Read more about Ken and find some of his poetry here at the BAR-D.

[photo by Jeri L. Dobrowski; see her gallery of western performers and others here.]

Posted 4/27


  British Columbia cowboy and poet Mike Puhallo writes about caring for a horse in his latest "Meadow Muffin," No Feet, No Horse!:

I threw a saddle on Mystify today,
And went out for a little ride,
She pranced along on four sound feet,
And filled my heart with pride.
....

Mike's "Meadow Muffins" are syndicated in a number of publications. You can also read Mike's weekly "Meadow Muffins" at the BCCHS Cowboy Poets' Page and at Cowboylife.com.

Mike has been involved with a group creating a lasting tribute to rodeo legend Kenny McLean. A life-size bronze statue of Kenny McLean will be unveiled at Centennial Park in Okanagan Falls, British Columbia on May 8, 2010. Read more about it here in our news and at www.kennymcleanbronze.com.

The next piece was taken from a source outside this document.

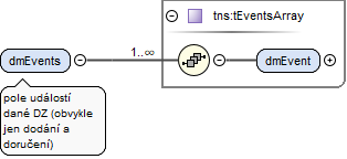 <xs:element name="dmEvents" type="tns:tEventsArray"><xs:annotation><xs:documentation>pole událostí dané DZ (obvykle jen dodání a doručení)</xs:documentation></xs:annotation></xs:element>
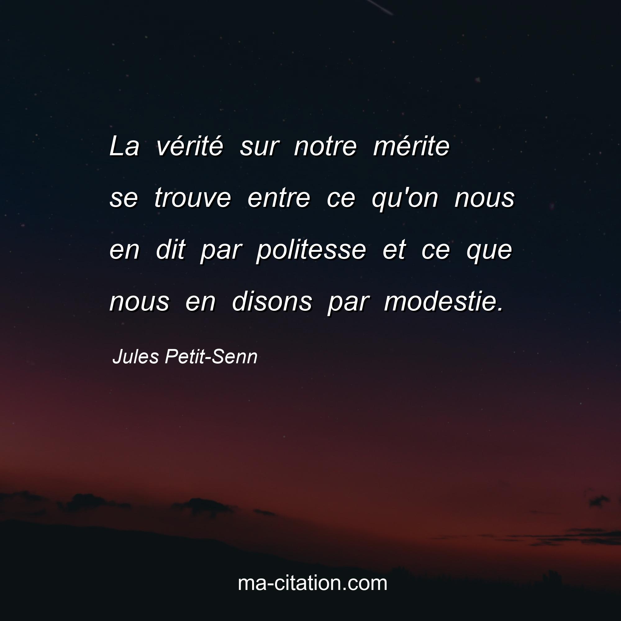 Citation sur la vie de Jules Petit-Senn :La vérité sur notre mérite se trouve entre ce qu'on nous en dit par politesse et ce que nous en disons par modestie.

Read more of Mike's poetry and more about him in our feature here and visit his web site: www.mikepuhallo.com.

Posted 4/27


  Bill Toti has some fun with a theme in I Ride the High United:

I ride the high United
I drive the lonesome planes
We push the herds to Abilene
From various domains.
....

Bill told us, "I do a lot of flying in my job... I dedicate it to all the other human cattle out there." Read more along with his poem.

Bill is a recently-retired submarine captain and a survivor of the September 11, 2001 attack on the Pentagon. His narrative from that experience, "Antoinette," was published in the Random House book, Operation Homecoming. Read more and find a link to his story on his page of poetry.

Posted 4/28


  We get a good number of inquiries from people looking for Idaho poet and songwriter Wayne Nelson's poem, Snowville:

Snowville was an albino bull, a legend in his time,
His pink eyes glowed like cinders and his horns spread sharp and wide,
....

Wayne shared the poem and told us how he came to write it:

"Snowville" is a poem I wrote in 1990, or thereabouts, remembering a rodeo I watched as a kid in Blackfoot, Idaho, where I grew up. A white Brahma bull named Bluebell exploded out of chute two and into my memory as the most beautiful example of bovine grace, power and majesty my 11-year-old eyes had ever seen....

"Snowville" was first published in John Dofflemyer's Dry Crik Review in 1991. Since then it has appeared in several magazines and is also available on my CD, DadBurned Guitar.

Read more about "Snowville" and more about Wayne Nelson here.

[photo by Linda Merrill]

Posted 4/29


  Welcome Jessica Hedges and her poem, Listening for His Cinch Bell.

She told us about its inspiration, "Growing up in a ranching family, and marrying into one, it has become a tradition to wait and wonder where your husband or dad is. This is something that many women I know, including myself, really struggle with."

Jessica Hedges grew up on a 450-thousand-acre cattle and hay operation in northeastern Nevada, and now lives with her husband, Sam, in Soap Lake, Washington on a ranch that he works for.

She has a recent CD, History in the Barn.